In On Haiku, Hiroaki Sato explores the many styles and genres of haiku on both sides of the Pacific, from the classical haiku of Basho, Issa, and Zen monks, to modern haiku about swimsuits and atomic bombs, to the haiku of famous American writers such as J. D. Salinger and Allen Ginsburg. As if conversing over beers in your favorite pub, Sato explains everything you wanted to know about the haiku in this endearing and pleasurable book, destined to be a classic in the field.
PUBLISHERS WEEKLY
In this collection of essays and talks from the past 25 years, translator and critic Sato (Snow in a Silver Bowl) exhaustively, and sometimes exhaustingly, tells all about haiku. Addressing the historical tradition, poetic form, and craft of haiku, the essays also perform close readings of specific examples, such as the celebrated 17th-century poet Matsuo Basho's frog haiku, of which Sato once collected 140 different English translations.
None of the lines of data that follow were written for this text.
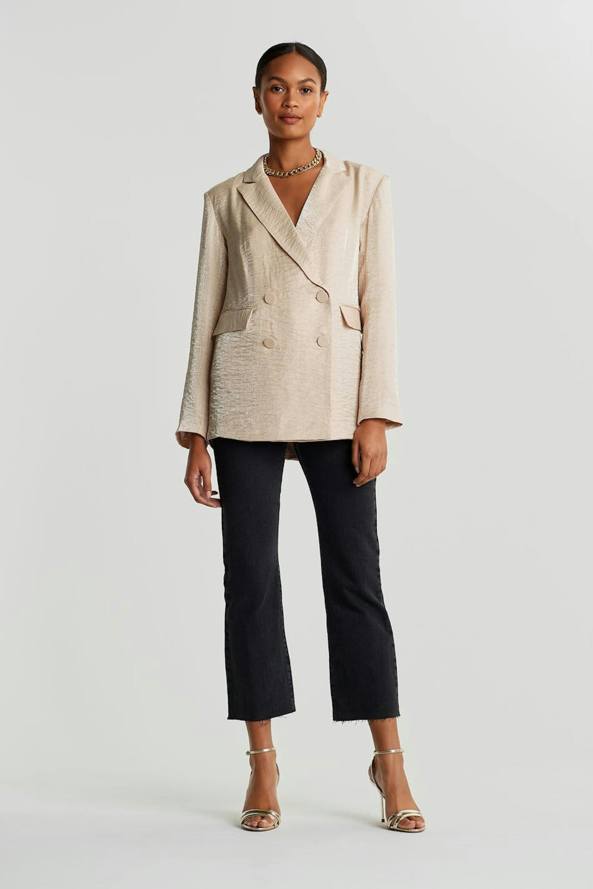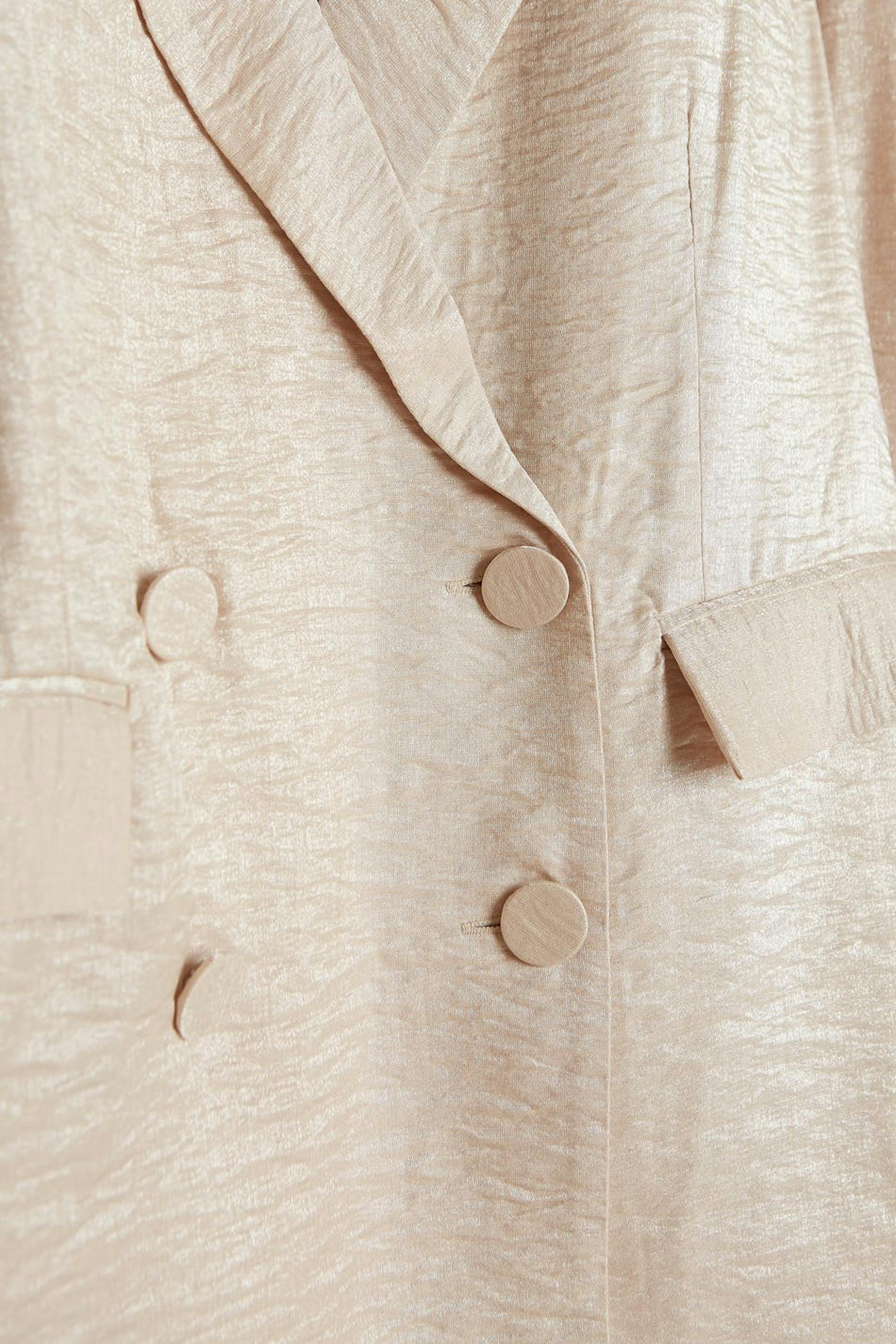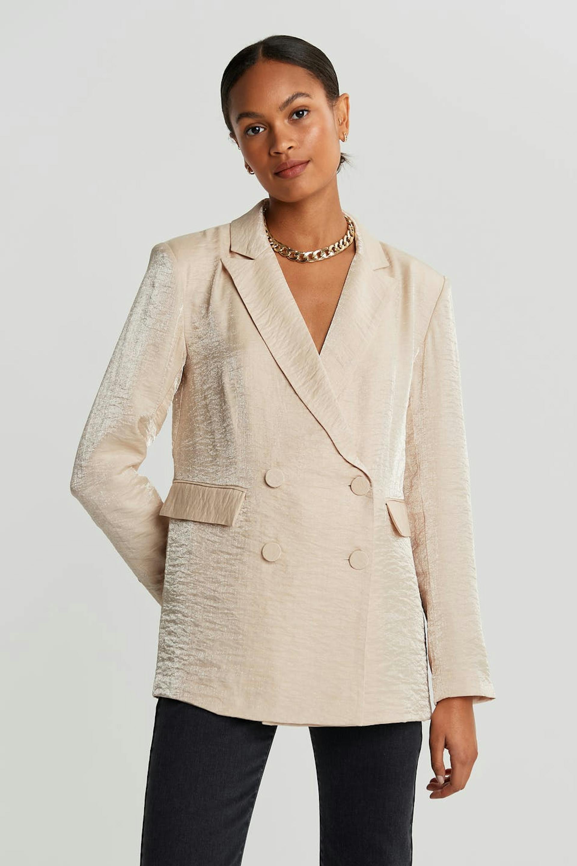 Champagne colour jacket with an oversize fit. Perfect for the party, beige, shimmering and double-breasted. It has fabric covered buttons at the front and on the sleeve ends, pockets on the sides and a slit at the back.
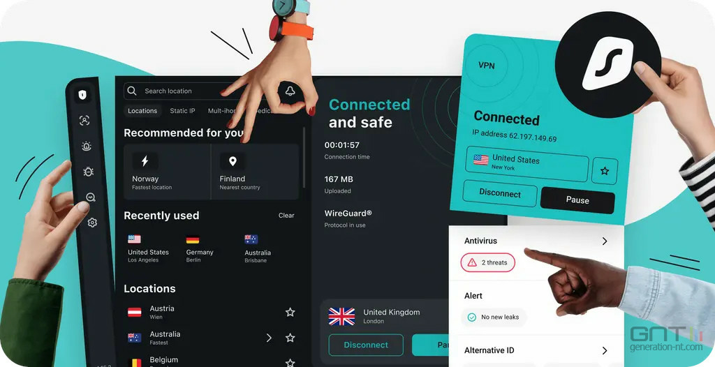 Pour un nombre illimité d'appareils protégés simultanément et une centaine d'emplacements avec plus de 4 500 serveurs, le forfait Starter de Surfshark comprend les fonctionnalités VPN, la génération d'adresses e-mail masquées et d'informations personnelles sécurisées.
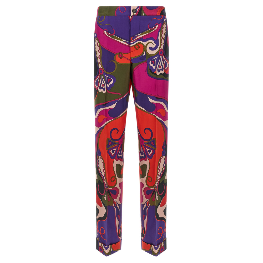 Брюки из шелкового твила с принтом по всей поверхности, прямой крой, закрепленная складка, эластичный пояс сзади, застежка на молнию и пуговицу спереди, карманы, отвороты на нижней части брюк.Этот продукт, как и многие другие изделия Pucci, выполнен с принтом по всей поверхности, который располагается на каждом изделии по-разному; полученный вами товар может отличаться от изображенного на фото.
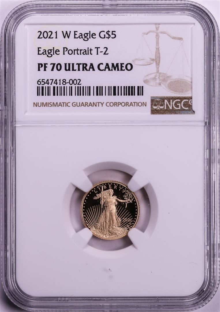 One 2021-W Type 2 $5 Proof American Gold Eagle Coin NGC PF70 Ultra Cameo. NGC Certified.

Roving further afield, Sato uses haiku to illuminate some of the difficulties encountered in Japanese-to-English translation (such as the absence of a Japanese equivalent to English's plural s.) At the book's most rewarding, it situates haiku as part of a larger story, explaining how the modern conception of haiku as a tiny, enigmatically philosophical poem represents a strange cropping of the original Japanese form, which served merely as the brief opening to a much longer poem composed as part of elaborate court rituals, and often incorporated humor and in-jokes. But many of the best insights are recycled across the essays, since they weren't originally written to be read in one collection, and the prose is prone to distracting tangents. Individually, the essays are fascinating, reflecting Sato's unimpeachable expertise in his subject. Unfortunately, read as a whole, they verge on the unwieldy and redundant.